# Supplied records
******

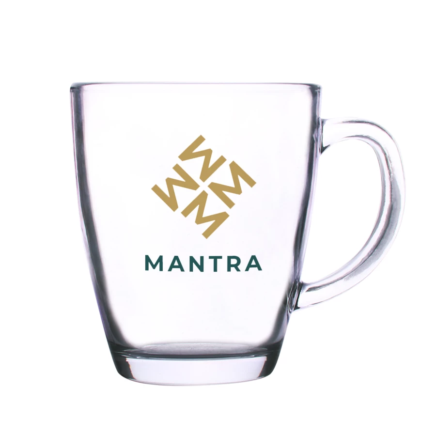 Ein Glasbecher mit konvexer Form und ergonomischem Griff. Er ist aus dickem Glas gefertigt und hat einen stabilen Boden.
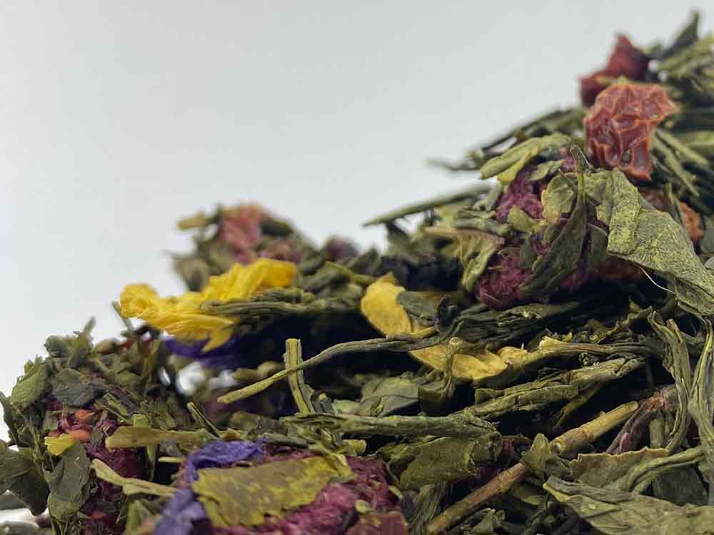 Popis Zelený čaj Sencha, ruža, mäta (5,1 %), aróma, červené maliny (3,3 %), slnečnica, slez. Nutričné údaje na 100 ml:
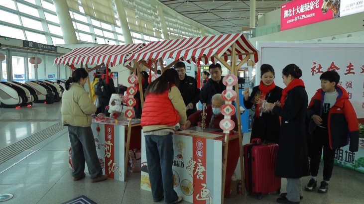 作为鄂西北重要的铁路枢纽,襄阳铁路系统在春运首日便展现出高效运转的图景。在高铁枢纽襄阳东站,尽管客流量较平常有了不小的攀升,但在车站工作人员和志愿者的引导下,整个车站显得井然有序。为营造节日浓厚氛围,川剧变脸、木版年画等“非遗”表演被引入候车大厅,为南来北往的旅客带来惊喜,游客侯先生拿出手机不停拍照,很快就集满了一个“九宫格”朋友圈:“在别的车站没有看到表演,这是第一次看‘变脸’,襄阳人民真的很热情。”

******

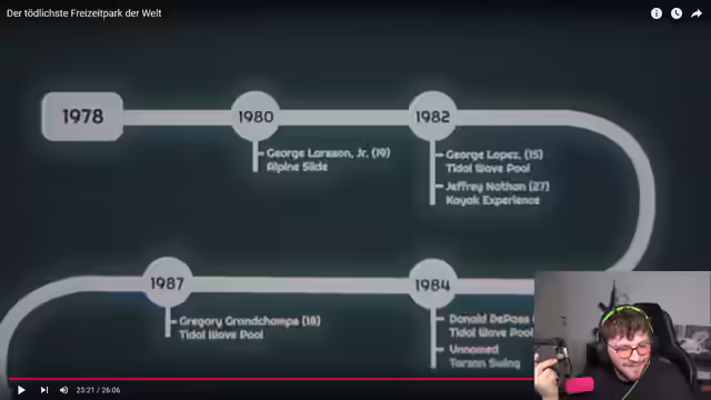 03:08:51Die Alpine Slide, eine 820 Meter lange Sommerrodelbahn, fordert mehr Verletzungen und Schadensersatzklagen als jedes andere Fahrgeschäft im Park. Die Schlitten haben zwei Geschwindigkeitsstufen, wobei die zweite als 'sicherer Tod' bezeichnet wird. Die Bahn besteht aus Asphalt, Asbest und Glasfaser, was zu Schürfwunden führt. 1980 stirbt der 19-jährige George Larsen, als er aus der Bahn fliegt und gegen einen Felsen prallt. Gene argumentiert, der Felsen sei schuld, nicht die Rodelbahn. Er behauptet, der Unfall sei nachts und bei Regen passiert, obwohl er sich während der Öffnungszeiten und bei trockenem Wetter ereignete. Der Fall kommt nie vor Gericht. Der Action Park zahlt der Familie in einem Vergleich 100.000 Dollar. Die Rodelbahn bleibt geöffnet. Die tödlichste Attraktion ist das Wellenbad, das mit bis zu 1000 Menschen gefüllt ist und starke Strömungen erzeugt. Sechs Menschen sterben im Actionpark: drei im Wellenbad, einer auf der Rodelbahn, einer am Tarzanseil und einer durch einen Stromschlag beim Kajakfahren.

******

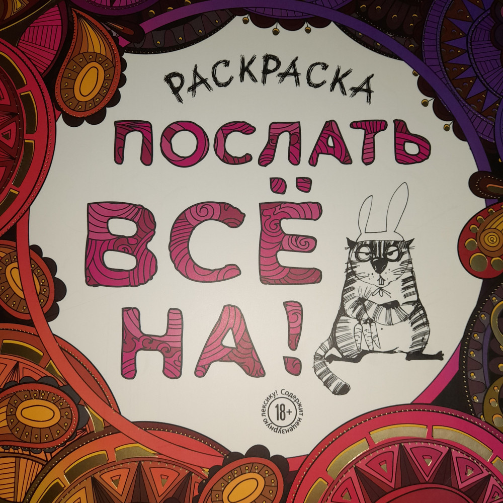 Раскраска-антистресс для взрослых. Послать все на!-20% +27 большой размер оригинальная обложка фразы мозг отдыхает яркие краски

******

# Your objective
Drop the pictures; return the lines above from the line containing "Ein Glasbecher mit" to the line containing "Popis Zelený čaj", both included, exactly.

# Response to the exercise
 Ein Glasbecher mit konvexer Form und ergonomischem Griff. Er ist aus dickem Glas gefertigt und hat einen stabilen Boden.
 Popis Zelený čaj Sencha, ruža, mäta (5,1 %), aróma, červené maliny (3,3 %), slnečnica, slez. Nutričné údaje na 100 ml:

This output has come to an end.